I know the truth is that no real connection can be made without a stability of self, a comfort in one’s own skin and comportment. The desperation felt is not so much for an affirmation from without but the knowledge that nothing will stick without a hardened shell, which now feels shattered and broken. One must come before the other, but one has been broken by the other’s proximity nonetheless.
Sabina is tormented by the care Alan gives to her costume:
The clothes he is hanging up for me with such care were caressed and crushed by another, the other was so impatient he crushed and tore at my dress. I had no time to undress. It is this dress he is hanging up lovingly… can I forget yesterday, forget the vertigo, this wildness, can I come home and stay home? Sometimes I cannot bear the quick changes of scene, the quick transitions, I cannot make the changes smoothly, from one relationship to another. Some parts of me tear off like a fragment, fly here and there. I lose vital parts of myself, some part of me stays in that hotel room, a part of me is walking away from this haven…
My own room is a nightmare, a bombsite of depressive squalor. I walk around it, somehow blind to the chaos, somehow at home in it. It reflects a self exploded, the clothes that make a carpet half dirty and half clean. Tidy house; tidy mind — a cliche but true. I know that putting things in order would be healing, restorative. But to treat these clothes with care contradicts the experience of their crushing and caressing, by myself and by others. The vital parts lost, the vital parts left behind, have been thrown off my own back. Others’ motivations confound; as do mine.
All Sabina wishes for is “absolution so that she might sleep deeply.” There is a frustration that this will never come, the Zopiclone must do the work for me, the mind incapable of its own regulation.
Why must everything be read through characters? Why are real people so opaque? What mythology feels more certain than truth? Why is the space of literature the only place I feel at home?

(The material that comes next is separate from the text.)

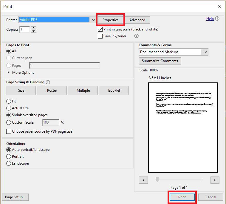 Open a PDF in Acrobat on Windows and go to print, the Print dialog box opens up but nothing happens when you click Print or Printer Properties.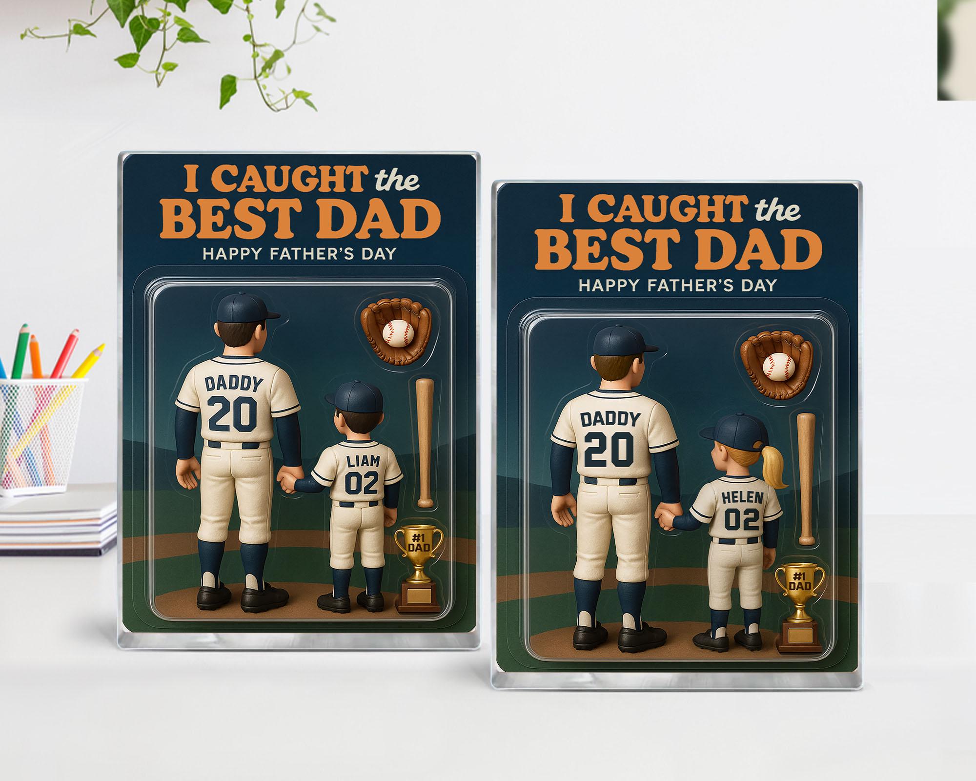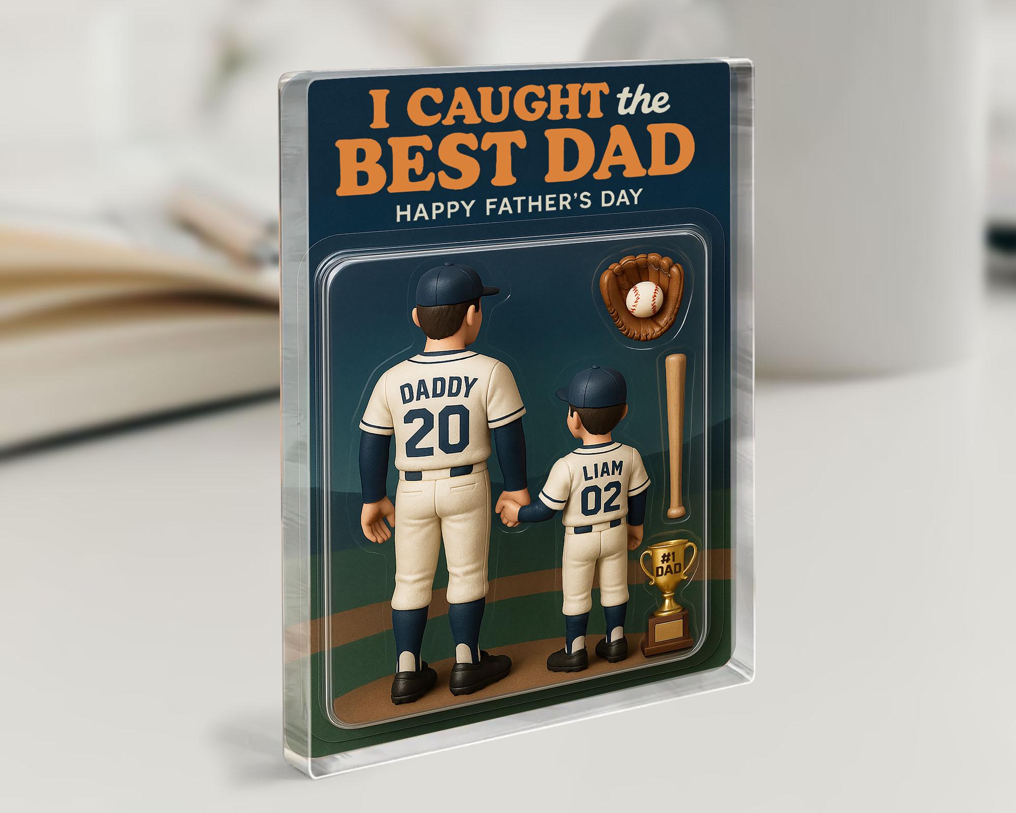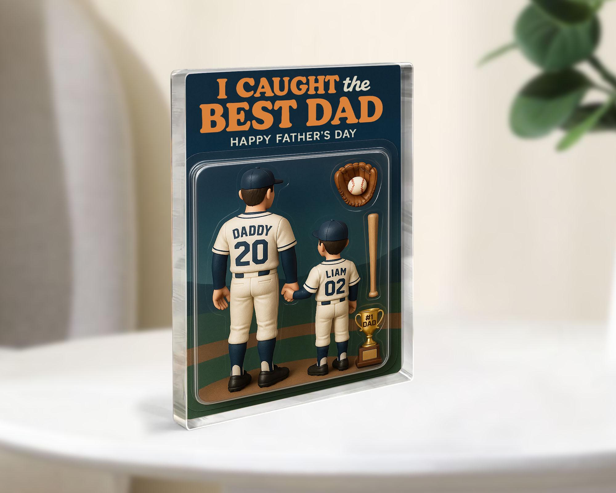 Personalized Fathers Day Gift For Dad, I Caught The Best Dad Baseball Gift, Custom Figure Acrylic Block, Baseball Dad Gift, Gift For Husband

“Reading makes of the book what the sea and the wind make of objects fashioned by man: a smoother stone, a fragment fallen from the sky without a past, without a future, the sight of which silences questions”, Blanchot writes. “Reading does not produce anything,” he adds, “does not add anything.” Something is taken instead. Each word or sentence read becomes a piece of sea glass, a beautiful shard left over by weathered utility, broken down into smooth fragments of nothing. We collect this matter, gathering it, transforming it into jewelry perhaps, for adorning a naked self.
I gather no truth from books, only an expressive instability that makes life glisten. “There is in reading, at least at reading’s point of departure, something vertiginous that resembles the movement by which, going against reason, we want to open onto life eyes already closed … here the stone and the tomb do not only withhold the cadaverous void which is to be animated; they constitute the presence, though dissimulated, of what is to appear.”

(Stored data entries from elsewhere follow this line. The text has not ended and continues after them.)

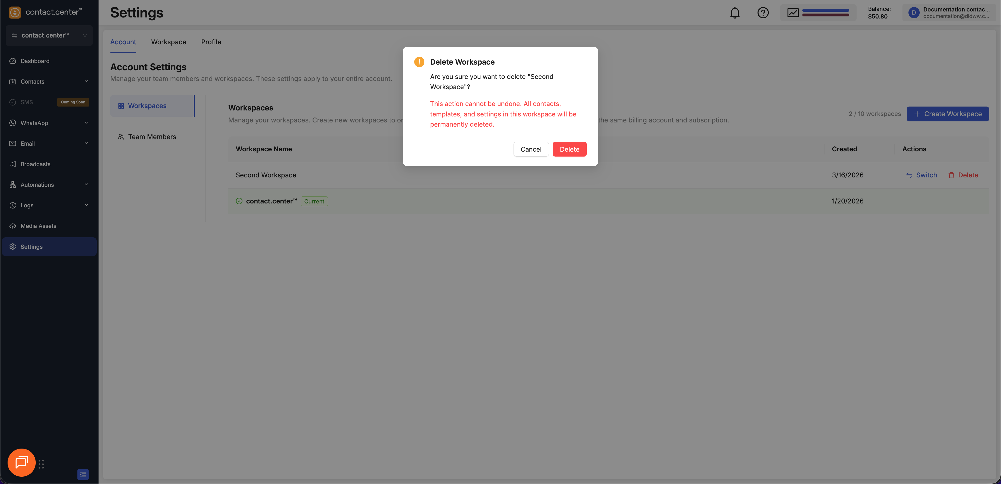 Create, switch, and remove workspaces used to organize contacts, campaigns, templates, and automation settings.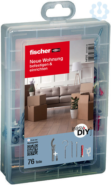 Die fischer Praktische Helfer Box Umziehen & Einziehen enthält vorsortiert 15 DUOPOWER 5 x 25 und 10 Senkkopfschrauben 3,5 x 35, 3 Winkelhaken 3,5 und 2 Rundhaken 3,5, 20 DUOPOWER 6 x 30 und 12 Senkkopfschrauben 4,5 x 40, 4 Winkelhaken 4,5 und 4 Rundhaken 4,5, 4 Bildhaken Fast & Fix in weiß, 1 Bit PZ 2 und 1 Flaschenöffner SX. Die aus hochwertigem und schlagfestem Kunststoff gefertigte Box ist ideal für alle Befestigungslösungen rund ums Umziehen und Einziehen. Der transparente Deckel ermöglicht die Übersicht auf einen Blick. Die Praktische Helfer Box verschließt sich fest und kann wieder mit Dübeln befüllt werden.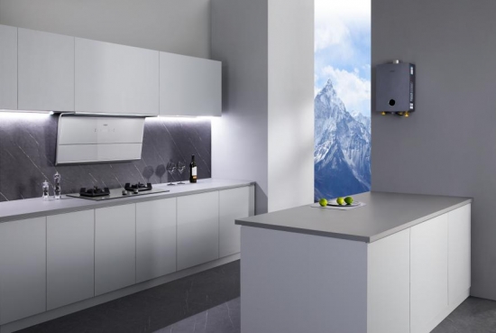 致極PRO套系包括超薄低吸油煙機(jī)W8、智能烹飪?nèi)細(xì)庠頥9及A3L小體積燃?xì)鉄崴魅町a(chǎn)品,其以極光銀玻璃面板的煙灶組合,搭配星空灰的熱水器,于致簡中彰顯高雅,契合當(dāng)下多樣化裝修風(fēng)格。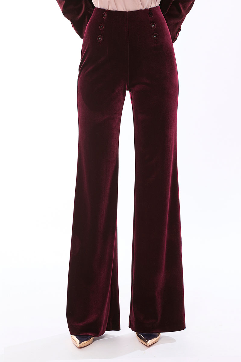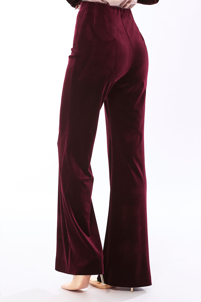 Цветовая гамма для верха, подкладки, фурнитуры, отделки: брюки выполнены из велюровой ткани в одной цветовой гамме.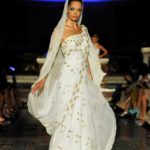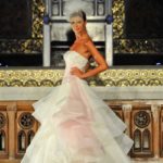 Miryam Pieralisi, ha mostrato i suoi abiti realizzati in seta pura come l’organza, charmese, i tulle, il mikado e pizzi e innovativi tessuti spalmati, arricchite da ricami in cristalli di boemia, swaroski, fili d’argento e piume.

What is to appear? I am desperate, impatient, to hold it in my sight, all too aware that whatever it is will be obscured by the haze of present depression. “Such is the ‘opening’ that reading is made of: nothing opens but that which is closed tighter; only what belongs to the greatest opacity is transparent; nothing consents to enter into the levity of a free and happy yes except what has been borne as the crushing weight of a no, devoid of substance.”

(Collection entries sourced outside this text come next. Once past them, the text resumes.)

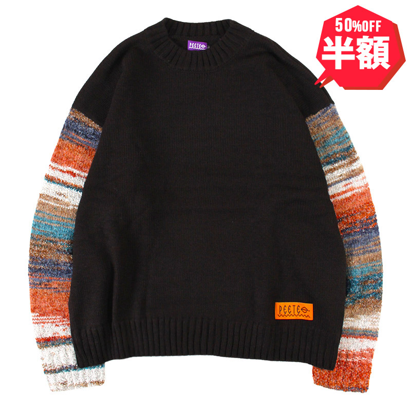 【半額】【ラストLのみ】PeeTee. (ピーティー) “GRADATION SLEEVE CREW KNIT”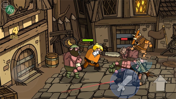 1、操控角色在城镇中与敌人战斗,利用武器和盾牌攻击、防御,击败敌人。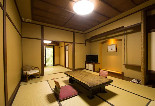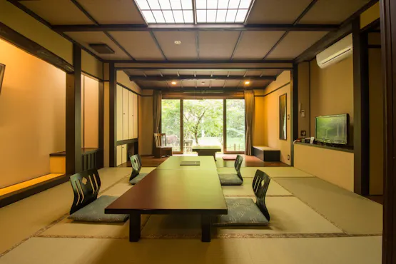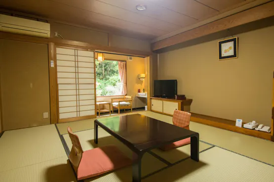 ที่พักในหุบเขาที่มีน้ำพุร้อนสองประเภทและอาหารที่ใช้วัตถุดิบสดใหม่จากทะเลและวัตถุดิบตามฤดูกาล ห้องพักสไตล์ญี่ปุ่นที่กว้างขวางมีโต๊ะอุ่นในฤดูหนาวและอ่างอาบน้ำกึ่งกลางแจ้งที่ทำจากไม้ฮิโนกิ เพลิดเพลินกับน้ำพุร้อนในห้องพักพิเศษที่มีแหล่งน้ำพุร้อนของตัวเองพร้อมชมการเปลี่ยนแปลงของฤดูกาล นอกจากนี้ อาหารชาบูชาบูปลาหมึกสดยังมีรสชาติที่เป็นเอกลักษณ์ด้วยเนื้อสัมผัสที่นุ่มและความกรุบกรอบของหนวดปลาหมึก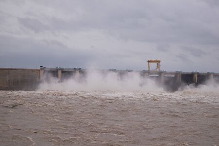 Water filled in Dam due to heavy rain and the gates of the reservior is opened to release the wtarer from the reservoir or dam.

The demand on every reader, Blanchot continues, is “that he enter a zone where he can scarcely breathe and where the ground slips out from under his feet — and even if, leaving aside these stormy approaches, reading still seems to be participation in that open violence, the work” — reading is “nonetheless, in itself [a] tranquil and silent presence, the calm center of measureless excess, the silent yes at the heart of every storm.” Reading makes beauty out of absence, out of “the torments of the infinite.” Reading “has the lightness, the irresponsibility, and the innocence of resolution.”
One of the central point of feedback received after submitting the manuscript for my first book was that it contained too many quotes. Why not rely on my own voice? Why defer to others?
I have written essays previously that end with quotes, leaving editors aghast; a writer’s faux pas. But there is certitude, no matter how illusionary, in a complicity with other’s words. An academic hangover, no doubt — and academia rarely produces good writers. There is a desire for evidence, for truth, but every time there is only ever a reader’s appropriation.
The truth is not innate; it is wholly absent; glimpsed through new contexts provided by the free association of thoughts gathered; sea glass re-arranged into the shape of the vessel it once was, now destined to be forever full of holes, where the self gets in.